Given data =
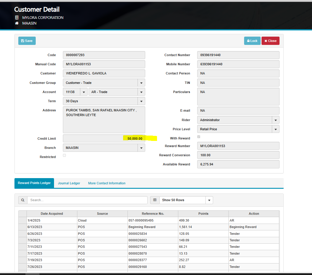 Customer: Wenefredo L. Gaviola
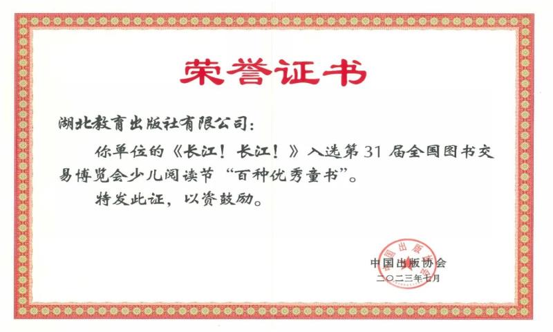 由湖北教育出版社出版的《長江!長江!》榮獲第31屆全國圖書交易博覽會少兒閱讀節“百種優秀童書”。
--
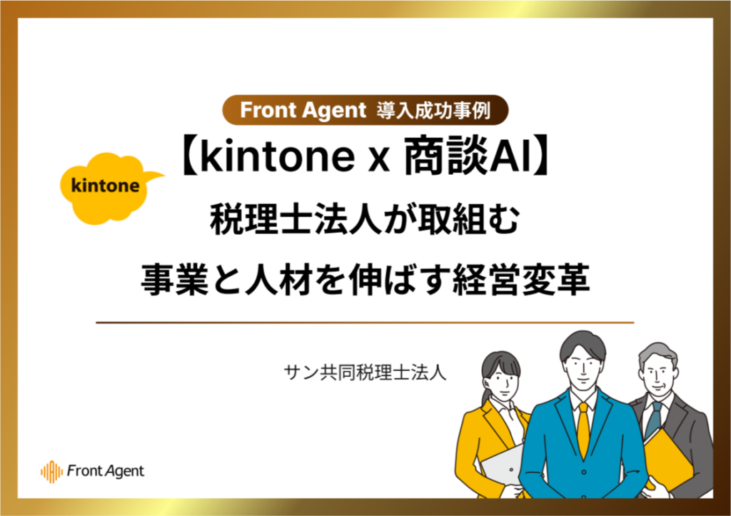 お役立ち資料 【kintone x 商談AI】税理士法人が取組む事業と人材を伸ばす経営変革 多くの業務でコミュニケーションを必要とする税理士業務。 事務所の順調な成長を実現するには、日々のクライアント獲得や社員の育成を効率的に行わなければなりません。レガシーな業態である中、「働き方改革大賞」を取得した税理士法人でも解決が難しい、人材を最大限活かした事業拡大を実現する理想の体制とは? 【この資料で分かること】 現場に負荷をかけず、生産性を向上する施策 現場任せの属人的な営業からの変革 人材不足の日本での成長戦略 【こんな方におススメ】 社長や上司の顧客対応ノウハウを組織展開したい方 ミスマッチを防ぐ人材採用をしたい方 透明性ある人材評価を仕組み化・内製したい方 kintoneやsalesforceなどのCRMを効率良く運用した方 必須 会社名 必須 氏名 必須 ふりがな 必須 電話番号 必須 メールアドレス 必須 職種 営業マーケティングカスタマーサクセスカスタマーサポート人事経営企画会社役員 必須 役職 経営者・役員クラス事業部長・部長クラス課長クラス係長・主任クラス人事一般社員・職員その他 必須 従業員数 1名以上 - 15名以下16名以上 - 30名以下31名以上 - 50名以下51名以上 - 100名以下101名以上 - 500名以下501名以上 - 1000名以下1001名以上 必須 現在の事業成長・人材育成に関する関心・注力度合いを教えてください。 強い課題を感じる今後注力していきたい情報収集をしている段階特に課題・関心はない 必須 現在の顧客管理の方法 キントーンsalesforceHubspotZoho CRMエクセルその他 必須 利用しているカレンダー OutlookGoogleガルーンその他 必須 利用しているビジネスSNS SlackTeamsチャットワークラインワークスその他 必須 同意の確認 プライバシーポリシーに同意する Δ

Aim of the task =
From the line containing "Customer: Wenefredo L. Gaviola" through the line containing "由湖北教育出版社出版的《長江", copy every line above exactly, without pictures.

Answer section =
 Customer: Wenefredo L. Gaviola
 由湖北教育出版社出版的《長江!長江!》榮獲第31屆全國圖書交易博覽會少兒閱讀節“百種優秀童書”。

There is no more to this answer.